Available records below:

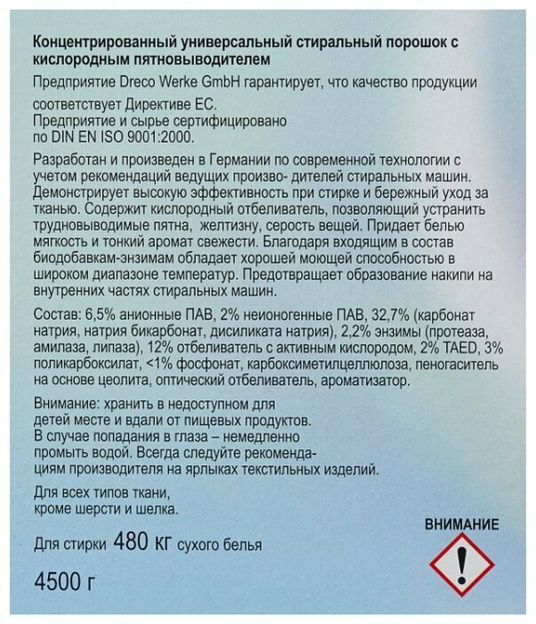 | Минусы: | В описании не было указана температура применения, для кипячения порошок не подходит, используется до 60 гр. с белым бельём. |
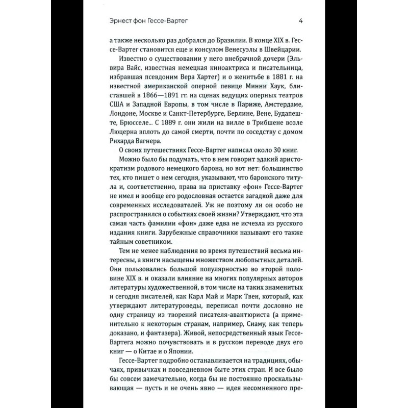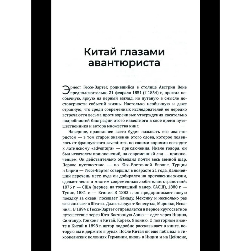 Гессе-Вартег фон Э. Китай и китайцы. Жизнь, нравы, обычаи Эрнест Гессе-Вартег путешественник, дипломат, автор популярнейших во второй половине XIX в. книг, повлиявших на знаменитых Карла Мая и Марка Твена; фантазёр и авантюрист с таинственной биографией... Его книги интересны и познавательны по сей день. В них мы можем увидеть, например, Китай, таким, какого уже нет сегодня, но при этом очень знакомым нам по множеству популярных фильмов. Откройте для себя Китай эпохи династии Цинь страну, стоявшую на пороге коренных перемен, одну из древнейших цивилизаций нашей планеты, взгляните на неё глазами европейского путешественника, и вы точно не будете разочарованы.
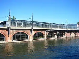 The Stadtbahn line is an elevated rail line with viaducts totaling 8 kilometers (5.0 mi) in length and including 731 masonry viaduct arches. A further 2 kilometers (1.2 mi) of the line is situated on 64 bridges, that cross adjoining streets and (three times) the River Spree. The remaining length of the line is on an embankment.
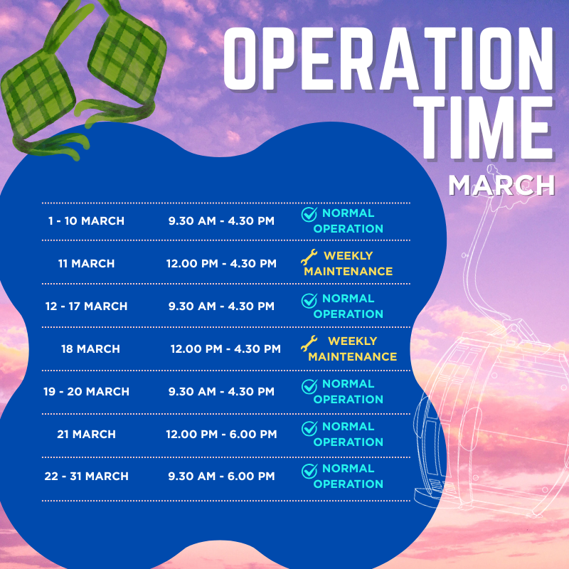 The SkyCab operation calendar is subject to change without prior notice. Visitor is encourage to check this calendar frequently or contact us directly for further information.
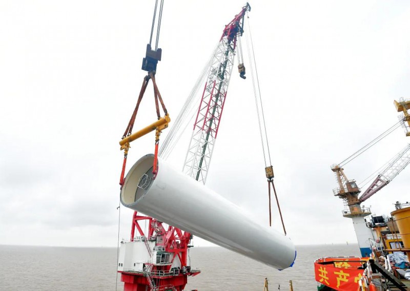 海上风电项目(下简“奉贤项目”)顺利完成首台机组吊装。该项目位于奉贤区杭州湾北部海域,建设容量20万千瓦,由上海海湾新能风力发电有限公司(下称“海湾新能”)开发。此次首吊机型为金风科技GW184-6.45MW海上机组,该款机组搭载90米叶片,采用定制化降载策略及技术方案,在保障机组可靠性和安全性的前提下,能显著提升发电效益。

End of Available records.

**Your instructions:** Give the listing again, exactly as it appears, but without its images.

**Output for this exercise:**
 | Минусы: | В описании не было указана температура применения, для кипячения порошок не подходит, используется до 60 гр. с белым бельём. |
 Гессе-Вартег фон Э. Китай и китайцы. Жизнь, нравы, обычаи Эрнест Гессе-Вартег путешественник, дипломат, автор популярнейших во второй половине XIX в. книг, повлиявших на знаменитых Карла Мая и Марка Твена; фантазёр и авантюрист с таинственной биографией... Его книги интересны и познавательны по сей день. В них мы можем увидеть, например, Китай, таким, какого уже нет сегодня, но при этом очень знакомым нам по множеству популярных фильмов. Откройте для себя Китай эпохи династии Цинь страну, стоявшую на пороге коренных перемен, одну из древнейших цивилизаций нашей планеты, взгляните на неё глазами европейского путешественника, и вы точно не будете разочарованы.
 The Stadtbahn line is an elevated rail line with viaducts totaling 8 kilometers (5.0 mi) in length and including 731 masonry viaduct arches. A further 2 kilometers (1.2 mi) of the line is situated on 64 bridges, that cross adjoining streets and (three times) the River Spree. The remaining length of the line is on an embankment.
 The SkyCab operation calendar is subject to change without prior notice. Visitor is encourage to check this calendar frequently or contact us directly for further information.
 海上风电项目(下简“奉贤项目”)顺利完成首台机组吊装。该项目位于奉贤区杭州湾北部海域,建设容量20万千瓦,由上海海湾新能风力发电有限公司(下称“海湾新能”)开发。此次首吊机型为金风科技GW184-6.45MW海上机组,该款机组搭载90米叶片,采用定制化降载策略及技术方案,在保障机组可靠性和安全性的前提下,能显著提升发电效益。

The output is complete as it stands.